Molecular characterization of advanced muscle invasive bladder cancer (MIBC): Comparison of low-input targeted RNA sequencing (RNAseq) strategies.

Abstract

564 Background: 5-year survival for advanced MIBC is poor (~5%), but newer targeted agents (e.g., PD-1/PD-L1 or FGFR) have improved survival over traditional chemotherapy. To better select patients suited for targeted therapies, molecular characterization is more important than ever. The following study compares RNAseq using two low-RNA-input methods (SureSelect hybridization-capture and AmpliSeq PCR amplification, using 200 ng and 10 ng extracted RNA, respectively), as part of a retrospective study of advanced MIBC patients treated with anti-PD-1/PD-L1 therapy (Mayhew et al, 2019 ASCO). RNAseq results, including correlation between methods and molecular subtype agreement are presented herein.

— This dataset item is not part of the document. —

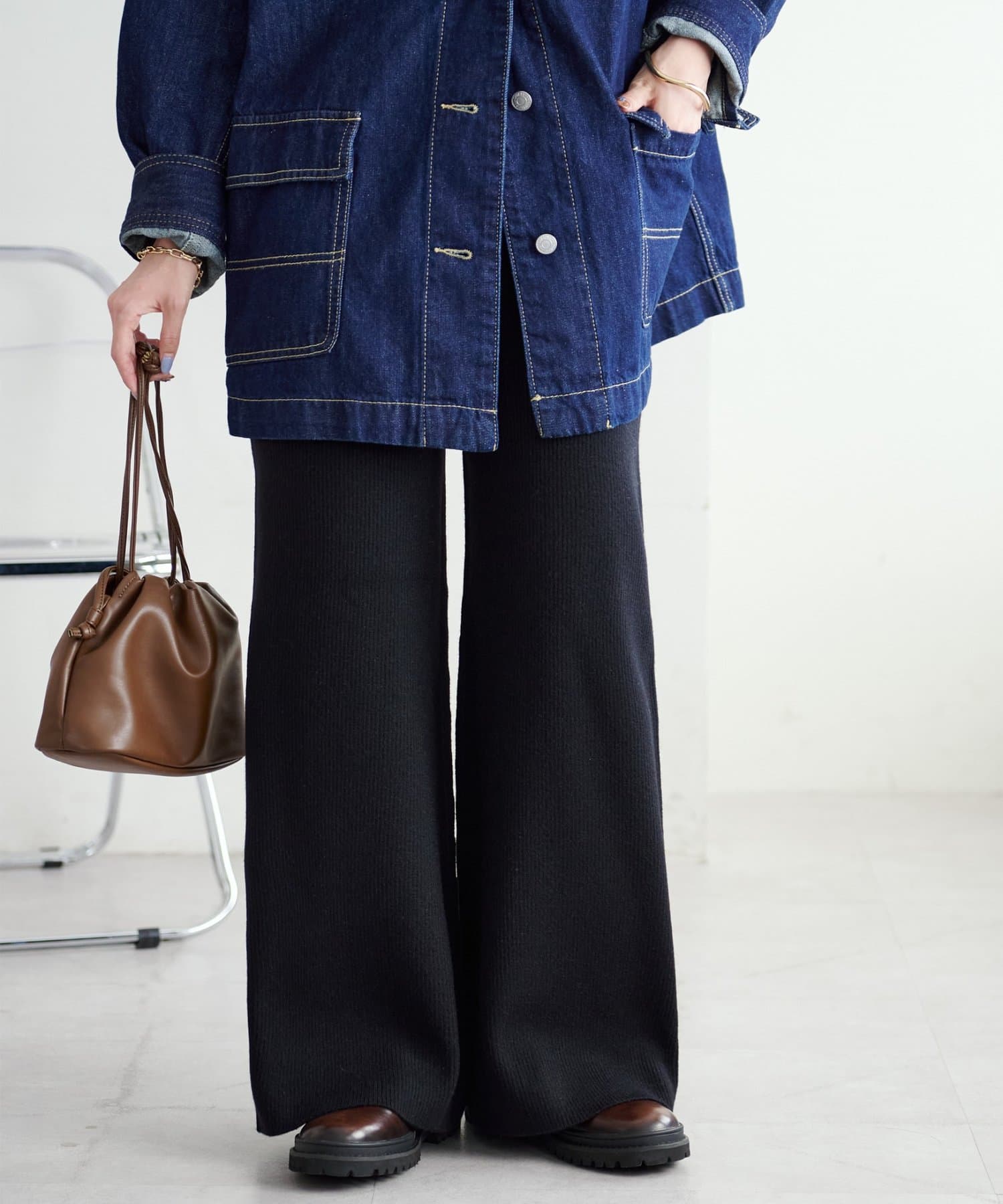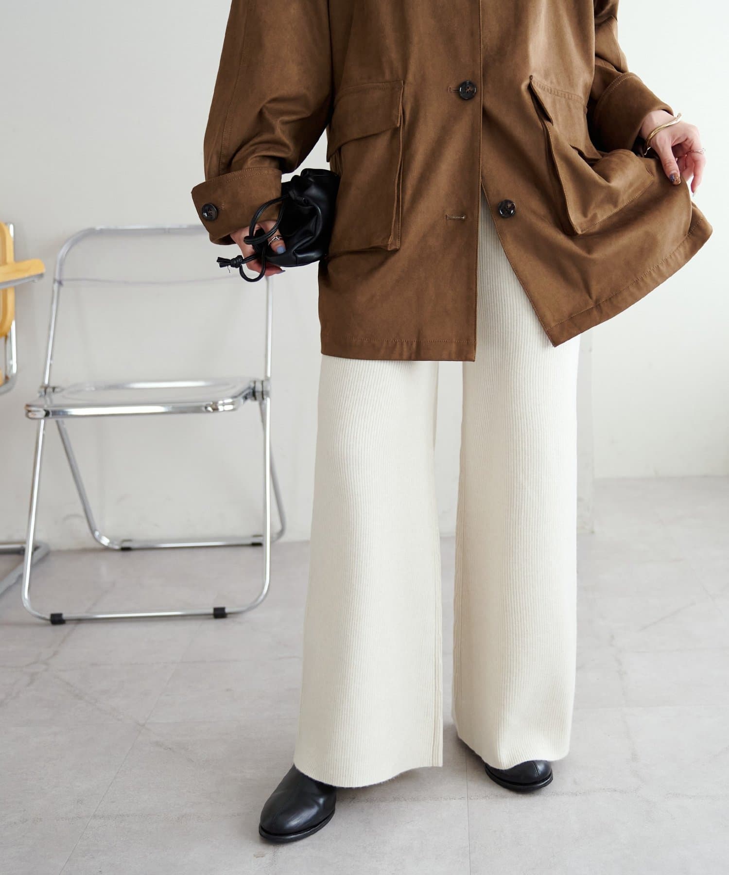 リブニットで細見えするので、着丈の長いニットやブラウス合わせがおすすめ!
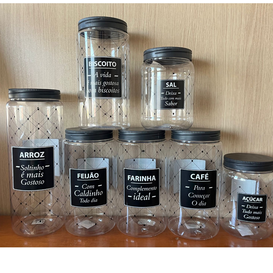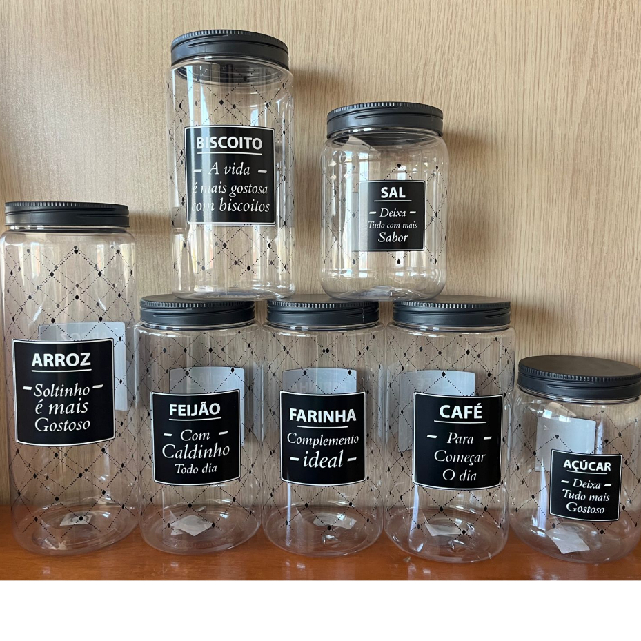[KIT] 7 (SETE) POTES DE MANTIMENTO - ARROZ, FEIJÃO, AÇUCAR, FARINHA, CAFÉ, BISCOITO, SAL

Methods: RNA extracts from 24 representative FFPE MIBC tumor samples were analyzed using SureSelect XT RNA (Agilent) and AmpliSeq transcriptome (Illumina) by NovaSeq6000 paired end sequencing. Samples were split between 4 molecular subtypes using the GeneCentric 60-gene MIBC nearest centroid subtyper (n = 6/subtype; luminal, luminal infiltrated, basal, basal infiltrated) (Mayhew et al, 2019 ASCO). Pearson correlation analysis was performed for all genes, as well as the 60 suptyper genes. Expression subtype calls were compared using RNAseq data obtained from both sequencing methods. Results: Of 58,000 genes queried (GrCH38.v22), 27,671 (55%) were found using both methods and 13,992 (28%) were not found using either method. 15,575 unique genes were found using SureSelect and 1,149 unique genes were found using AmpliSeq. The two methods were well correlated: median of 0.87 (0.73-0.89) overall and 0.80 (0.54-0.86) for the 60 subtyper genes. 22 of the 24 samples (92%) had congruent subtype calls using the 60-gene MIBC subtyper; one luminal-infiltrated called basal and one basal called basal-infiltrated. Conclusions: This study demonstrated comparable RNAseq analysis using two low-input FFPE-compatible methods. Using AmpliSeq, MIBC tumors were able to be molecularly characterized, including subtype analysis, with only 1/20th of the extracted RNA needed for SureSelect. Further validation of AmpliSeq methodology in MIBC and other tumor types is warranted.